ICESat-2 ATL07 sea ice point cloud classification ML pipeline

The machine learning pipeline itself was probably 80% data preprocessing and only 20% model training, but I thought it would be useful to show all of that end-to-end. I was particularly fond of the code to find coincident Sentinel-2 imagery and ICESat-2 tracks, something adapted from a Jupyter notebook sent to me from Alek Petty. That, and a nice clean way to create a GeoParquet file, and even some code using PyGMT to plot an RGB image and do grdtrack.

Funny thing is that I'm not even a sea ice scientist (that tutorial was adapted from someone else's code), so I was glad that nobody asked difficult questions (there were actually a lot of questions during my pauses)! Something I kinda realized that week was how there were way more ATL08 land/vegetation users than those using the ice products. I did manage to help a couple of students tweak my notebook code to use ATL08 instead of ATL07 (and I hope others can figure it out themselves), but in a way, I think it'd be good if someone shows a vegetation/land cover example next year.

Besides the tutorial, I'd be remiss if I didn't mention how the CryoCloud JupyterHub has worked practically seamlessly this time, as good infrastructure should. Over the past two years, I've helped out as much as I can on package maintenance with Tasha, Scott and others, because solving dependency hell has been 10% of my PhD, and I don't want that to be the case for others.

It was also during that week that I found out about CryoCloud's plans to rebrand as StratusGeo (subject to funding), and while I'm a little saddened by the loss of the 'Cryo' part, continuity of the JupyterHub is more important. There's still so much innovation to be done in terms of making cloud-optimized datasets more ubiquitous, and also implementing batch-style workflows to compete with HPCs, so they have my fullest support in taking the next leap.

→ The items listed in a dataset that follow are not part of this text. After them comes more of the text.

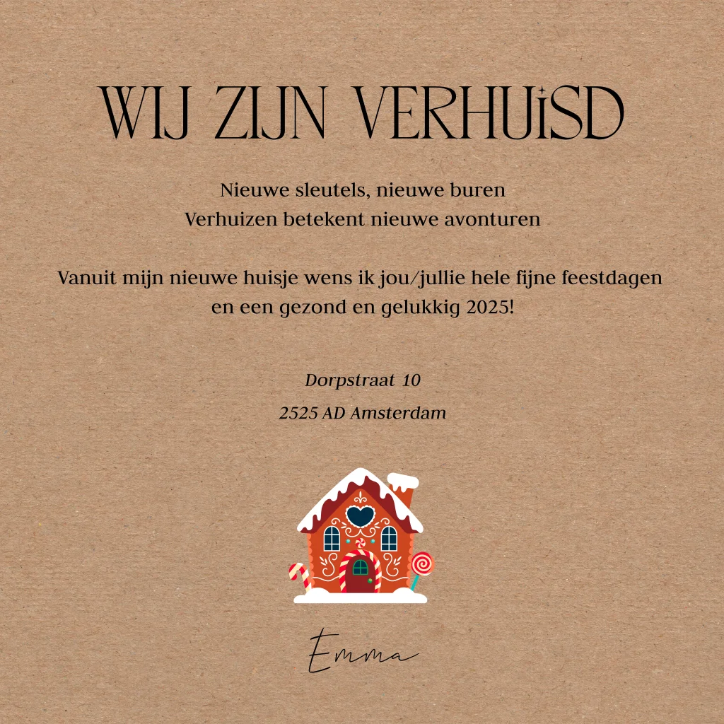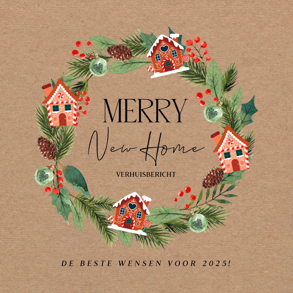 Mooie kerstverhuiskaart met kerstkrans, vrolijke huisjes en kraftlook achtergrond. Stuur deze prachtige kerstkaart naar familie, vrienden of collega's!
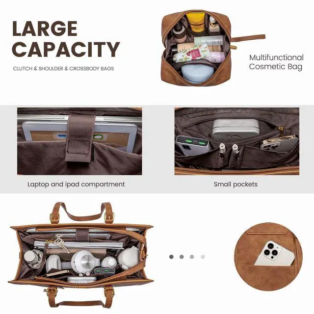 LOVEVOOK Laptop Bag for Women Vintage Leather Work Tote 15.6 inch Large Capacity Computer bag with Clutch Purse for Office, Travel, Casual
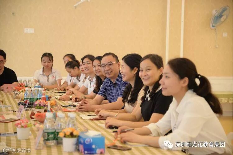 龙华区教科院综合部部长暨华南实验学校筹备组组长 江坚部长、龙华区学前教育教研员 甘露园长、华南实验学校筹备组成员 黄静臆和汪远成老师,深圳阳光花教育集团董事 王超先生、林丽清总园长、叶华总监、教科研部王赟部长及龙华区华南实验学校5位新老师参加了本次活动。
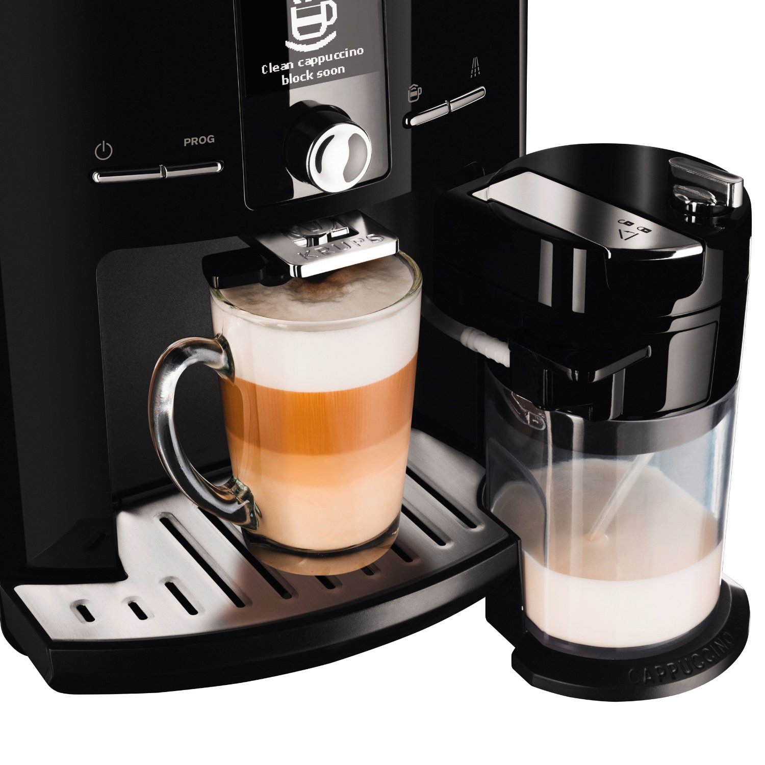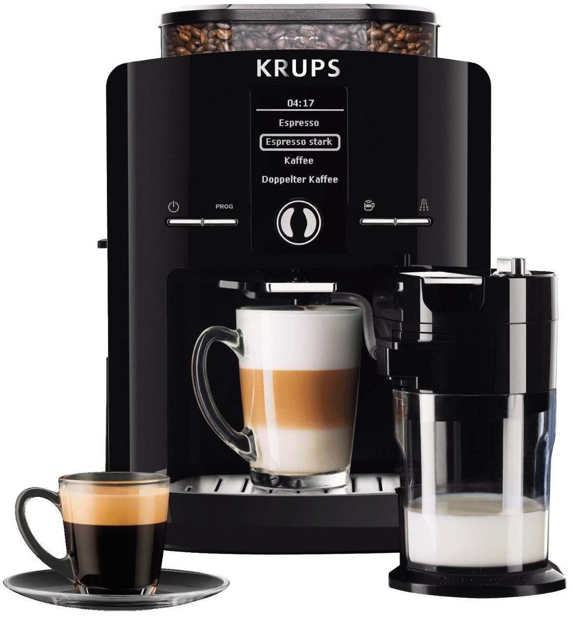 Milchsystem Krups Milchschaum-Technologie (Barista Quality Milk), abnehmbarer Milchbehälter (Fassungsvermögen: 600 ml), automatisches Reinigungsprogramm für das Milchsystem
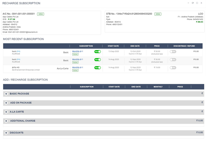 Neuro SMS provides integrated Pay TV Billing Solution to handle billing tasks of any scale or complexity. Pre-paid, post-paid, Package, a-la-carte, pay-per-view, Video on Demand (VoD) etc. The system keeps record of all Billing cycles of all subscribers as per Term (monthly, bi-monthly, quarterly, half-yearly, yearly etc.) defined in subscriber management portion.
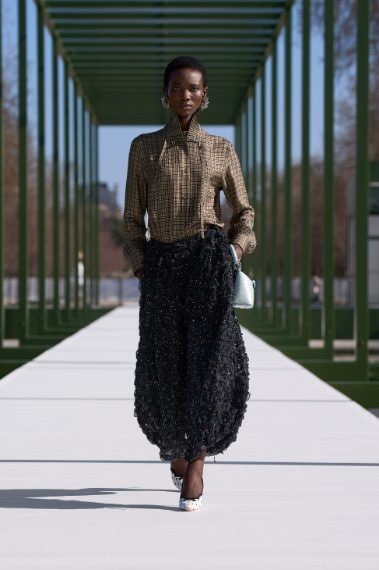 Vaporose gonne a balze con strascichi posteriori, completi in fantasia principe di Galles, jeans con decori di cristalli e completi dai sinuosi orli a onda sfilano alla Paris Fashion Week sulla passerella Autunno/Inverno 2026-2027 di Dior nella collezione firmata da Jonathan Anderson
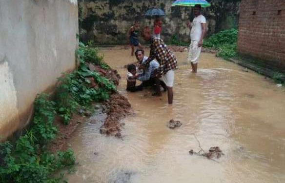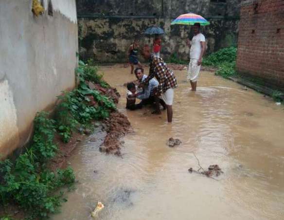 The PHD department of NAC had dug up drains in the locality for laying pipe lines. Due to incessant rain, water flowed on the road at ward no-14, making it impossible to differentiate between the road and the drain. Rahul accidentally slipped into the drain.
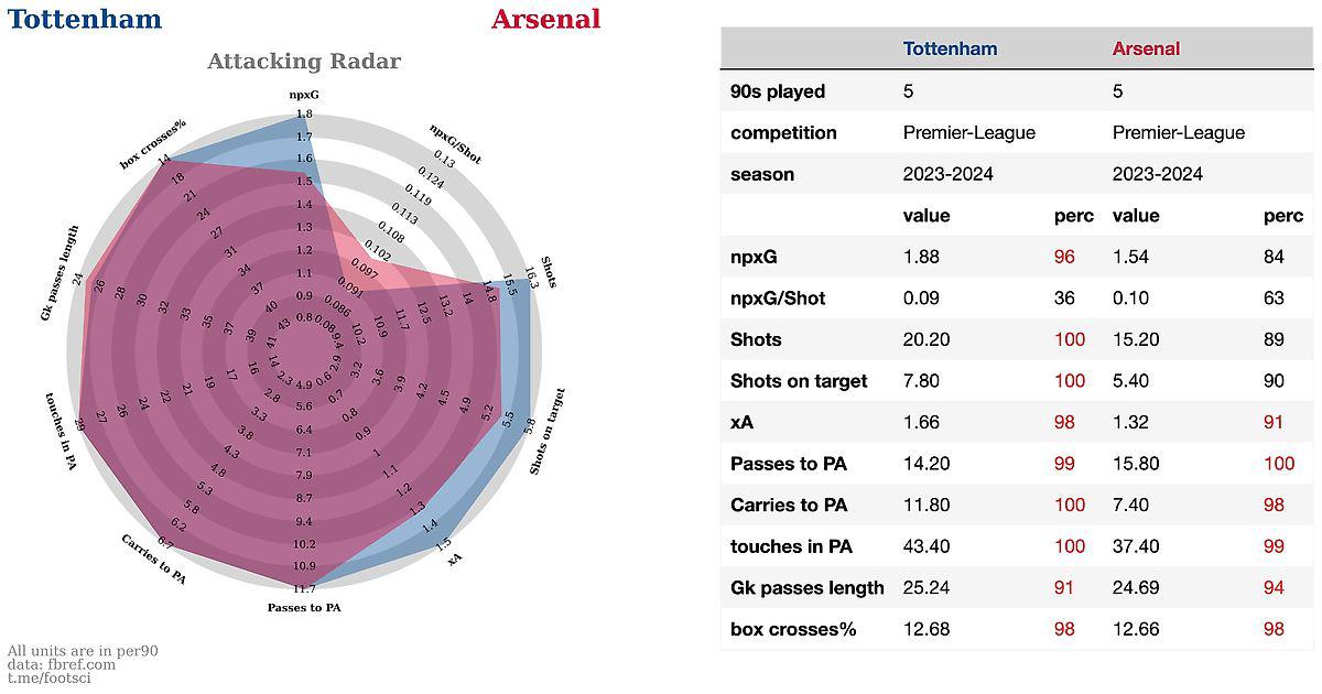 Помимо npxG/shot из рассмотренных на радаре метрик канониры оказываются чуть лучше Тоттенхэма только по кол-ву передач в штрафную площадь соперника (15.8 против 14.2).
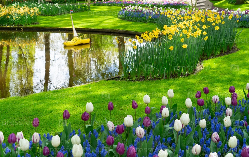 Красочные цветущие и цветящиеся тюльпаны возле пруда, цветочный весенний формальный сад
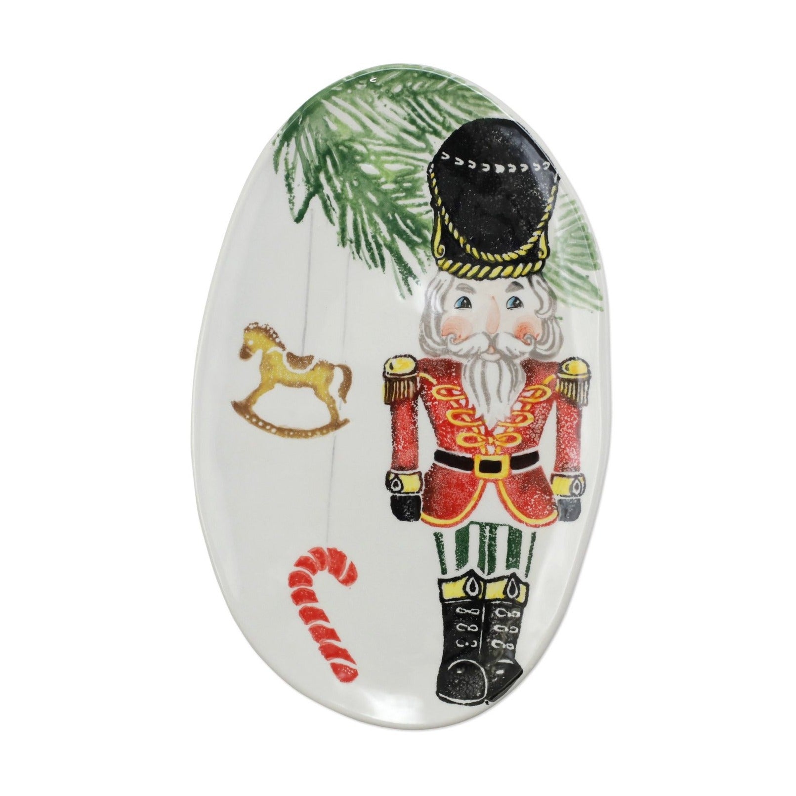Maestro artisan, Gianluca Fabbro, recreates a Christmas classic with bright colors and a cheerful holiday design on the Nutcrackers Small Oval Platter, inspiring new family traditions with a collectible to be passed down from generation to generation.
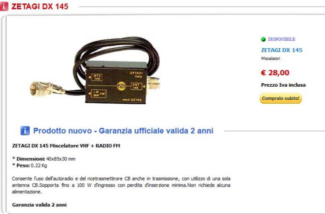 Non voglio mettere un'antenna particolare ma l'antenna del CB che ho tolto dal camper precedente. ( lemm da 90 cm. ) Io chiedo se con l'antenna CB ed il miscelatore che ho postato precedentemente il tutto funziona oppure c'è una tale perdita di ricezione o di trasmissione che non vale la pena.
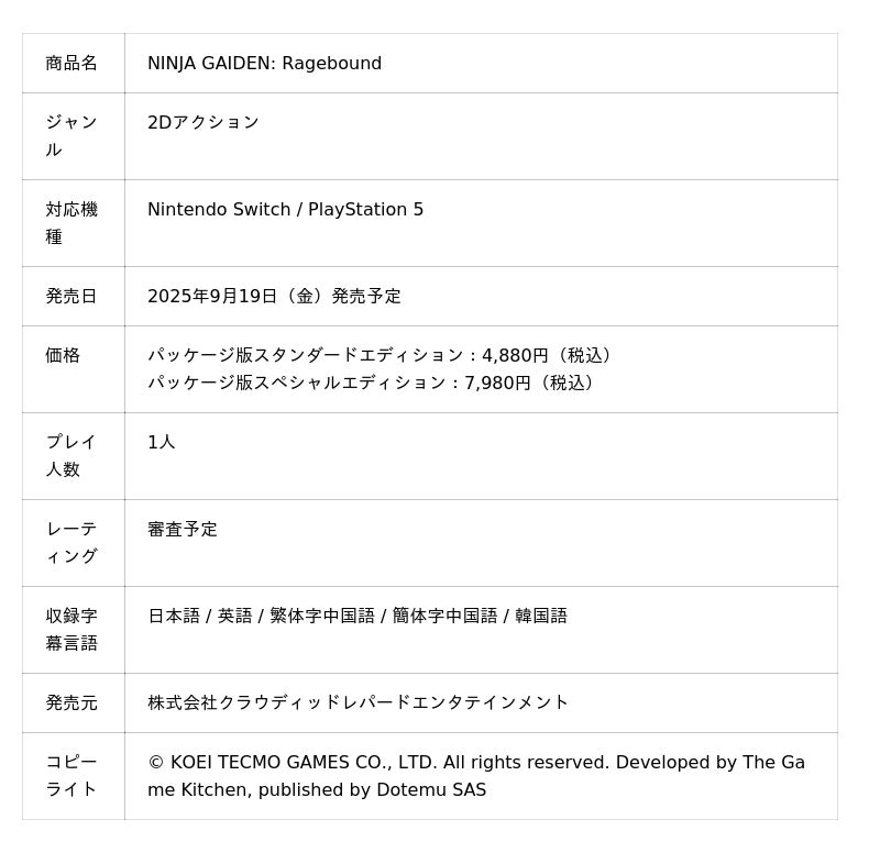 株式会社クラウディッドレパードエンタテインメント(代表取締役社長:陳 云云)は、2Dアクションゲーム『NINJA GAIDEN: Ragebound』(対応機種:Nintendo Switch™/PlayStation®5)のスタンダードエディションとスペシャルエディション(パッケージ版 *1)を、日本を含めたアジア地域に向けて、2025年9月19日(金)に発売します。

Feedback matters. The next time you fill in those 'surveys', do spell out what you appreciate.


What next?

Being so close to people working on satellites and their products, you hear things like:

EDGE swath-mapping laser altimeter over vegetation and ice

But what I'm more keen on is when's the next hack session! OpenScapes has this 2-hr hackdays every fornight (e.g. for earthaccess), but they're not ideal for my timezone. Next best in-person one would probably be this Post-AGU Pangeo hackathon, so I guess I'll see everyone there!